▶ **PROMPT**:
Leaving out every picture, retype the lines below from the top through the one that contains "양평휴게소 몽글순두부솥밥에서 고객이".

Source data:
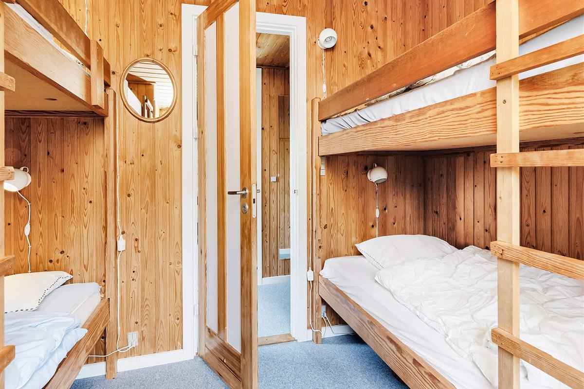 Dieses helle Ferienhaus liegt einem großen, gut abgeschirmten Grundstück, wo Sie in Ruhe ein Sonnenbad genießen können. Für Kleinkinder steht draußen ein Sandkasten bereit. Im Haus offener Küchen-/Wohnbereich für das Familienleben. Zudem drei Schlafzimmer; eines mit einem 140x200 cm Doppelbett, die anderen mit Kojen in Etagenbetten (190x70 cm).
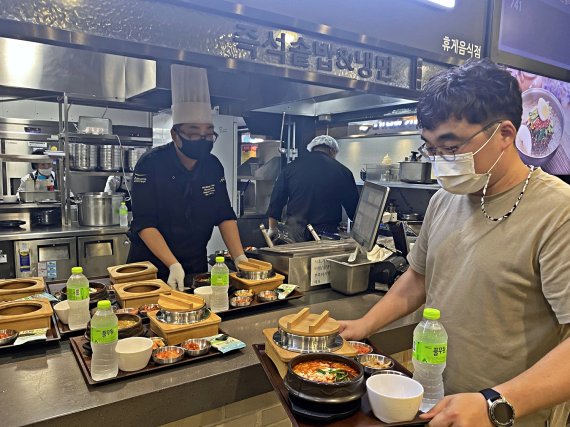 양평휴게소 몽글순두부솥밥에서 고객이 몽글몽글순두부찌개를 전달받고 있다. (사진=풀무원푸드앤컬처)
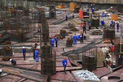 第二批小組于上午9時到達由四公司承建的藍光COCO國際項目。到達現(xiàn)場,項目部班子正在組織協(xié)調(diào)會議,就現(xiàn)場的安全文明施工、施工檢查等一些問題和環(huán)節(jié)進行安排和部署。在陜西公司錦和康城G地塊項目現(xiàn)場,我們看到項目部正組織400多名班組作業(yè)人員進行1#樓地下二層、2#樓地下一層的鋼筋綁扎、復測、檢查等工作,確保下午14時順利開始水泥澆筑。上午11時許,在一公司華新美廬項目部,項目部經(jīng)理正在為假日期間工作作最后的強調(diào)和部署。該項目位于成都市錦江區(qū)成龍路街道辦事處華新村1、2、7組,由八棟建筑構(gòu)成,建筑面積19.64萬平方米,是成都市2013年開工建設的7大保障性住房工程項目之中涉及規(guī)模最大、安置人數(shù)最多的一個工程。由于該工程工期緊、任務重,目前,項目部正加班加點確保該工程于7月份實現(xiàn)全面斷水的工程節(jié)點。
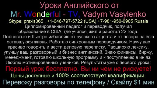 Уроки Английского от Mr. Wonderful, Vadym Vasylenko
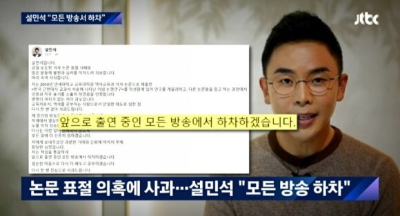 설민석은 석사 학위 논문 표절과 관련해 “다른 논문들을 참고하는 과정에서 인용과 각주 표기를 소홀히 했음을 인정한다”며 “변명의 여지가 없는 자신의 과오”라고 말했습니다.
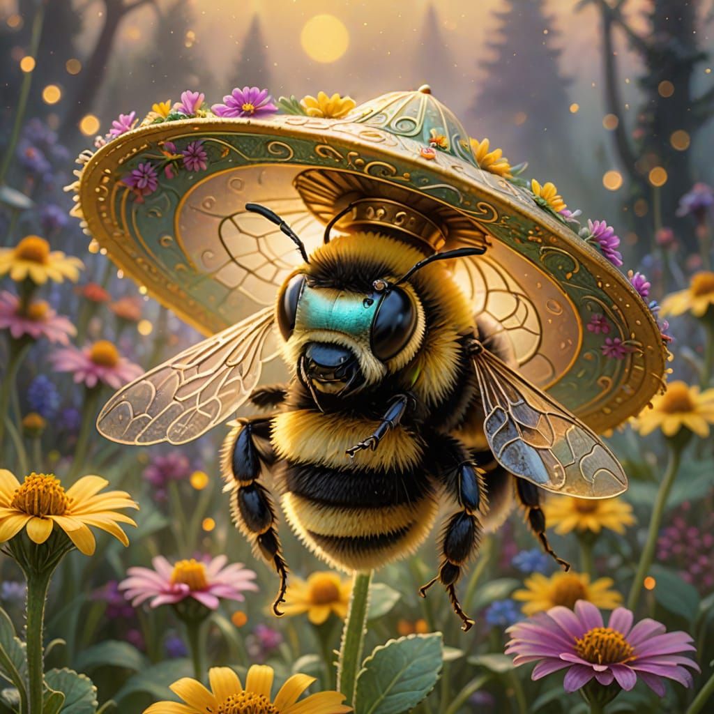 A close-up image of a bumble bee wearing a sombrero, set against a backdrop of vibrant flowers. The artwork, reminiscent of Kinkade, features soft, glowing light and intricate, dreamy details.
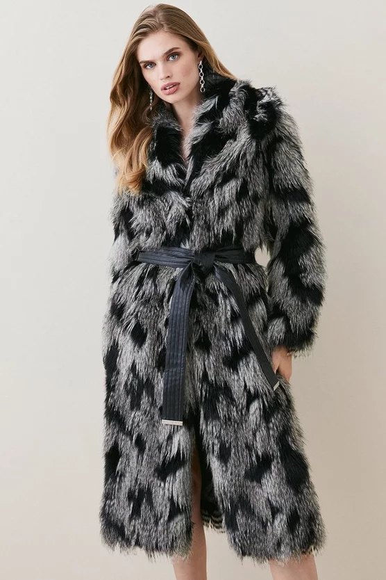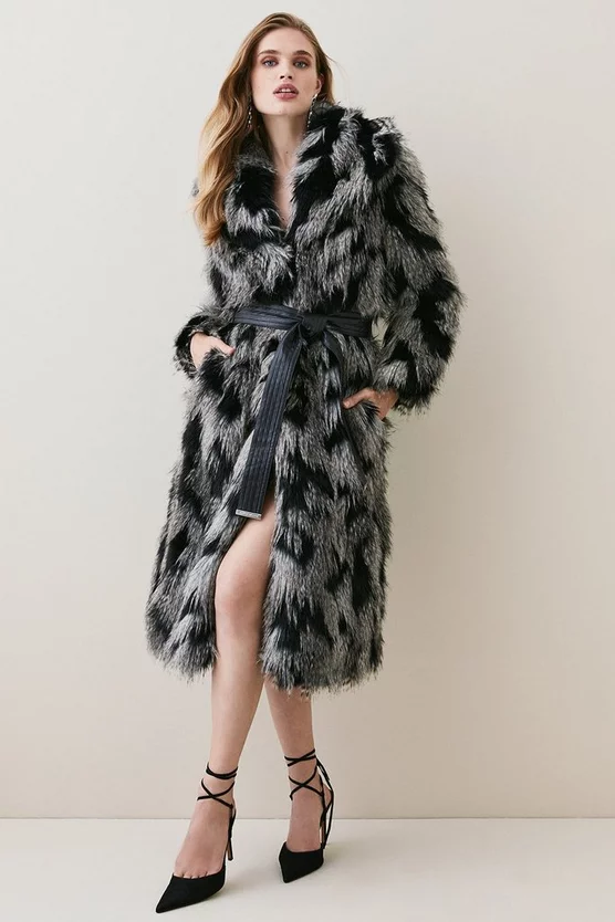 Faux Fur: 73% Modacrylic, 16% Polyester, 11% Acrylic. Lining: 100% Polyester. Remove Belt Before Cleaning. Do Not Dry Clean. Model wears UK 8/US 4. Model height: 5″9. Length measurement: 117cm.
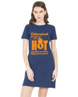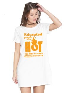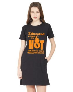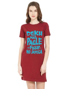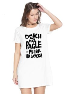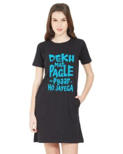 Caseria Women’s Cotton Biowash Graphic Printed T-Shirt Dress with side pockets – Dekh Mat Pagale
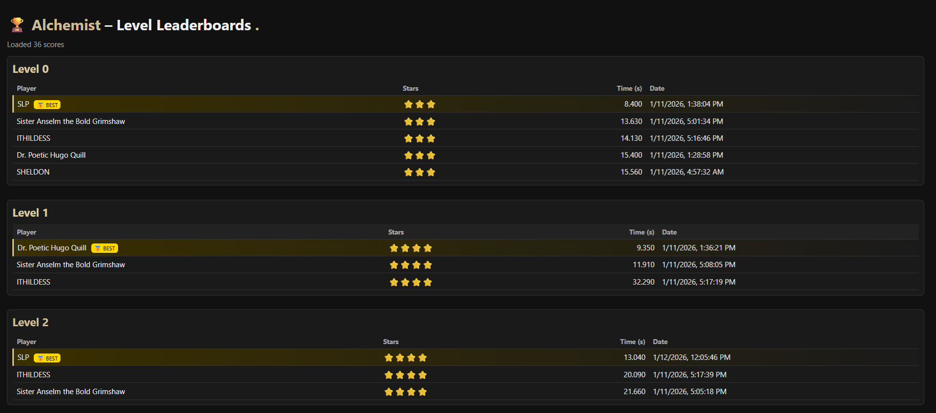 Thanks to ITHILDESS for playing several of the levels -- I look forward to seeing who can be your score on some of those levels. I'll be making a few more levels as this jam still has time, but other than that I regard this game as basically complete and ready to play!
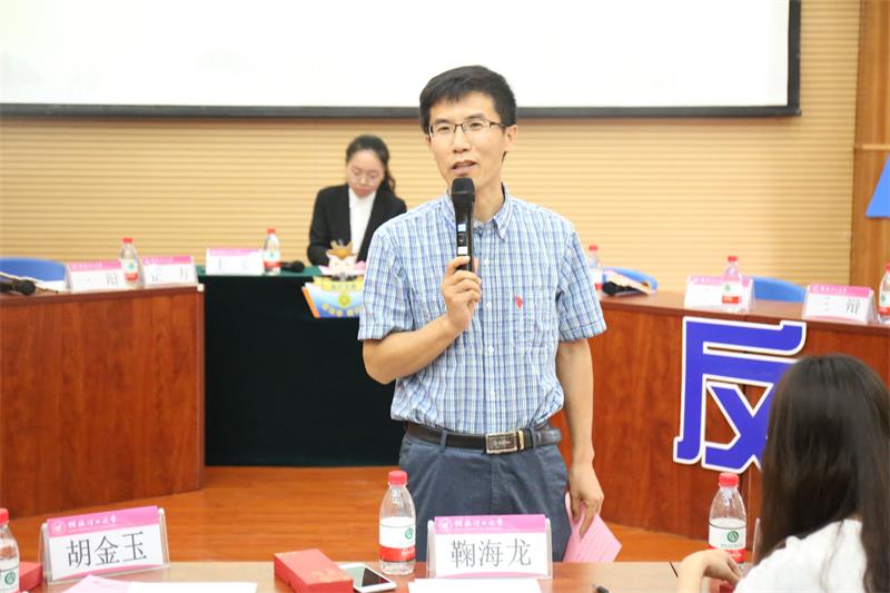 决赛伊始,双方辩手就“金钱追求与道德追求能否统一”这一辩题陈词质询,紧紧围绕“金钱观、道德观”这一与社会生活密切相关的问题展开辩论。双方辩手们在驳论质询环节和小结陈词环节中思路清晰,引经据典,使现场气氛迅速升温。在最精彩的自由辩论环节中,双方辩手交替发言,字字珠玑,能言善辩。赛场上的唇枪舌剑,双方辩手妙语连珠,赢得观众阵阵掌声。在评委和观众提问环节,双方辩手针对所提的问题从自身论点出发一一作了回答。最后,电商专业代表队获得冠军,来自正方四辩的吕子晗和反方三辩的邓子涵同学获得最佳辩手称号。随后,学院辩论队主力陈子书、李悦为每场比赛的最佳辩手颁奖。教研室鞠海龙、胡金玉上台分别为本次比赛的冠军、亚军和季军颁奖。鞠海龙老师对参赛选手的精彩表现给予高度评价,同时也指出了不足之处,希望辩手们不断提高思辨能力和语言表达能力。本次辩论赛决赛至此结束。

▶ **ANSWER BOX**:
 Dieses helle Ferienhaus liegt einem großen, gut abgeschirmten Grundstück, wo Sie in Ruhe ein Sonnenbad genießen können. Für Kleinkinder steht draußen ein Sandkasten bereit. Im Haus offener Küchen-/Wohnbereich für das Familienleben. Zudem drei Schlafzimmer; eines mit einem 140x200 cm Doppelbett, die anderen mit Kojen in Etagenbetten (190x70 cm).
 양평휴게소 몽글순두부솥밥에서 고객이 몽글몽글순두부찌개를 전달받고 있다. (사진=풀무원푸드앤컬처)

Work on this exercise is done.